You can put forth an argument that the word "halal" is kind-of like "kosher", and that "halal" meat should be treated according to the strictures and scriptures. But that's why every system of law is going to have its trademarks.

Hey, now that's a good question: Is there provision in the xeerai to protect the names of goods and services? The problem of identifying things for sale doesn't go away simply because you revere the Prophet, and Islamic civilization has had markets since about ten seconds after Islam was founded.

Russ Nelson [sig@russnelson.com]

Dear Neil,

Vic Koman also pointed out that we aren't likely to get into space from this country if we obey the laws that otherwise prevent us from engaging in trade and otherwise minding our own business. In fact, his hero in _Kings of the High Frontier_ makes a number of trips to Kismayo in Somalia before launching a space station from there.

(I happen to know the people who own the land on the equator in Somalia if anyone wants to short circuit the arduous path to space.)

World War Two was a fight over which form of state socialism would triumph. The Moon race was a fight over which form of state socialism would plant a flag on the Moon first. In both cases, the fact that "our side" won does nothing to forward our individual liberty.

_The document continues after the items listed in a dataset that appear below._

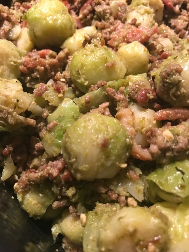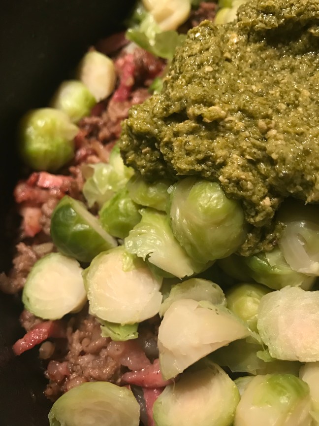 Spruitjes afgieten en samen met de pesto door het gehaktmengsel scheppen.
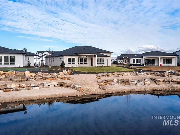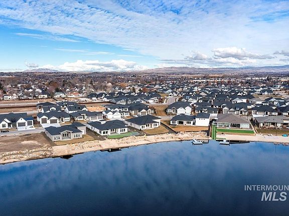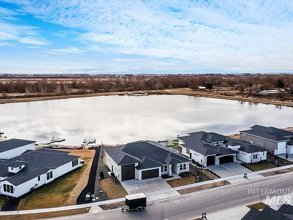 Picturesque setting backing to a spacious lake framed by the abundance of trees along the Boise River in the background where you'll find wildlife, walking trails, plethora of open space & more! Enjoy your private beach area along the lake & prepare to be captivated by the impeccable views & endless recreational possibilities. This single level home by Shadow Mountain Homes, is thoughtfully designed & provides an efficient layout. The owner's suite features an expansive space overlooking the lake, offering walk-in-closet connection to laundry room, a luxurious bathroom w/walk-in tiled shower & double vanity. Spacious kitchen w/designer appliances including fridge/freezer combo, double oven, huge pantry & open concept layout connecting to the beautiful great room, all with a grand view to the lake. Home features an oversized garage with RV Bay including a back garage door opening up to the lake. East lot line adjustment process has begun and is to be completed and recorded prior to closing.
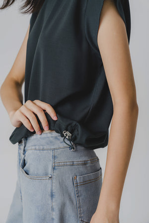 Drawstring Hem Cap Sleeve Blouse in Forest
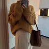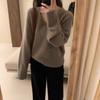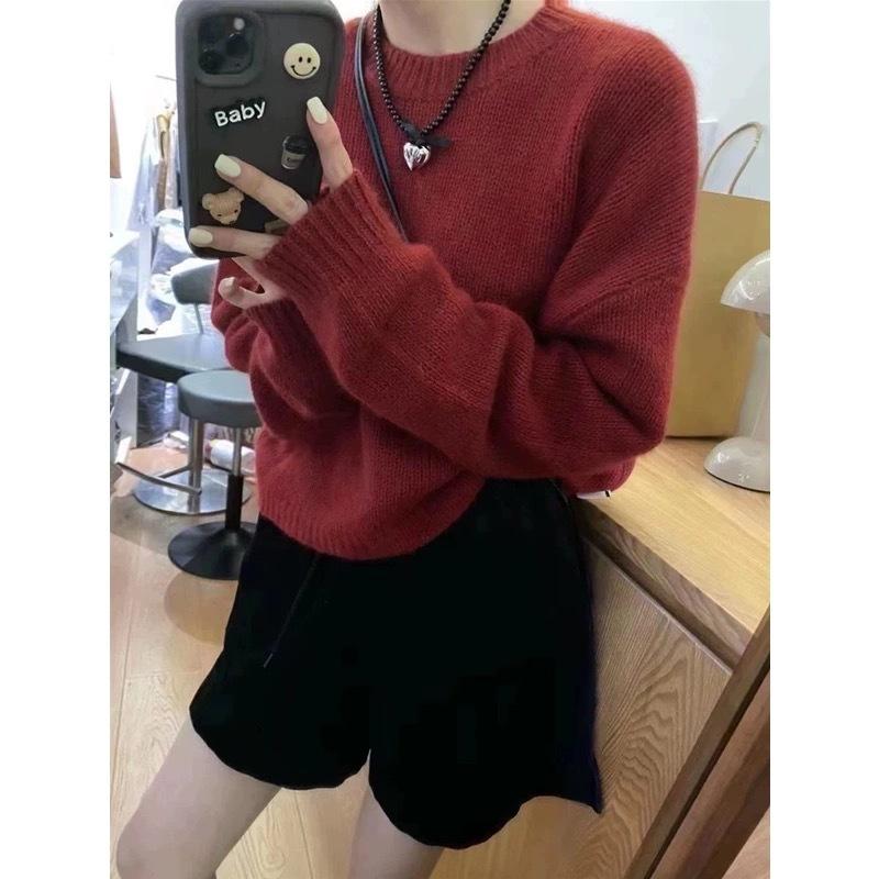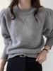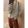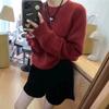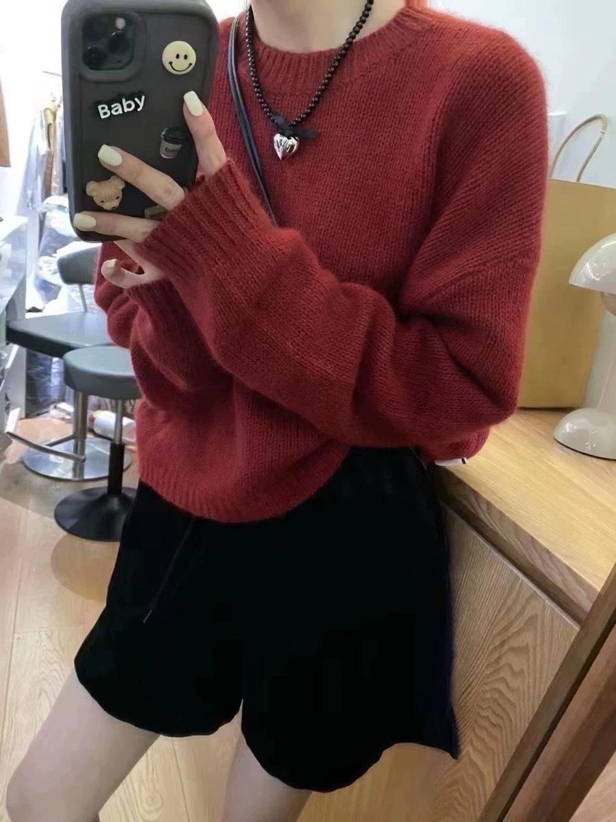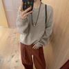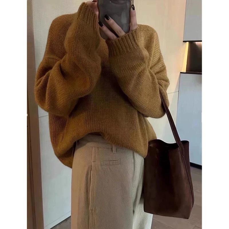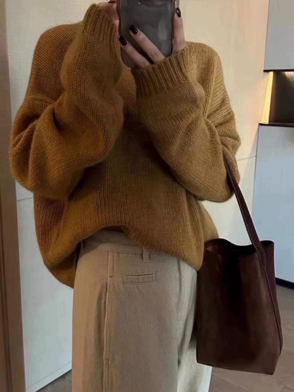 Suéter de cuello redondo para mujer, tejido de punto de lana pura, suelto, de color liso, manga larga, elegante, para ir al trabajo, combina con todo.
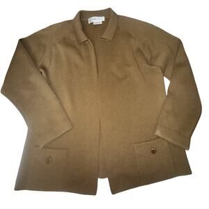 Carlisle Open Cardigan 100% Merino Wool Toffee Brown Pockets, Sz XL

Two people are inarguably stronger than one. One man with a gun is able to hold two people at bay, or kill both of them in a few seconds time. Which point tends to emphasize your ideas about keeping and bearing arms.

Is intelligence additive? Probably not. But, cooperation tends to be both economically and biologically useful.

In any event, individuals are smart enough to know that until flight crews, cabin crews, and passengers are free to carry arms, flying is a dangerous way to travel. So, air travel is down by more than 25% from six months ago.

As you may know, I've always wanted to go dancing on the Moon. I wouldn't mind seeing Saturn's rings, or, to further quote Diana Gallagher, hear Jupiter sing.

But, the fact of the matter is that the socialists and their security apparatus stand in the way. Either we have to be smart enough to get around them, or we have to kill them, or both.

I'm not sanguine about the survival of "this country." As I've written in your e-zine recently, I think the USA died a long time ago. So, I'm not particularly upset by Jason Sorens's idea of splitting off one or more states into a new country. I have also found a large number of people with strong interests in creating new countries in various parts of the world.

Most of all, I think there is a good reason to suspect that without the wealth needed to get into space, even if we are willing to break the laws, we won't get it done in our life time. Your life time or mine.

Which is why I spend quite a bit of my time working on ventures like Gold Barter Holdings.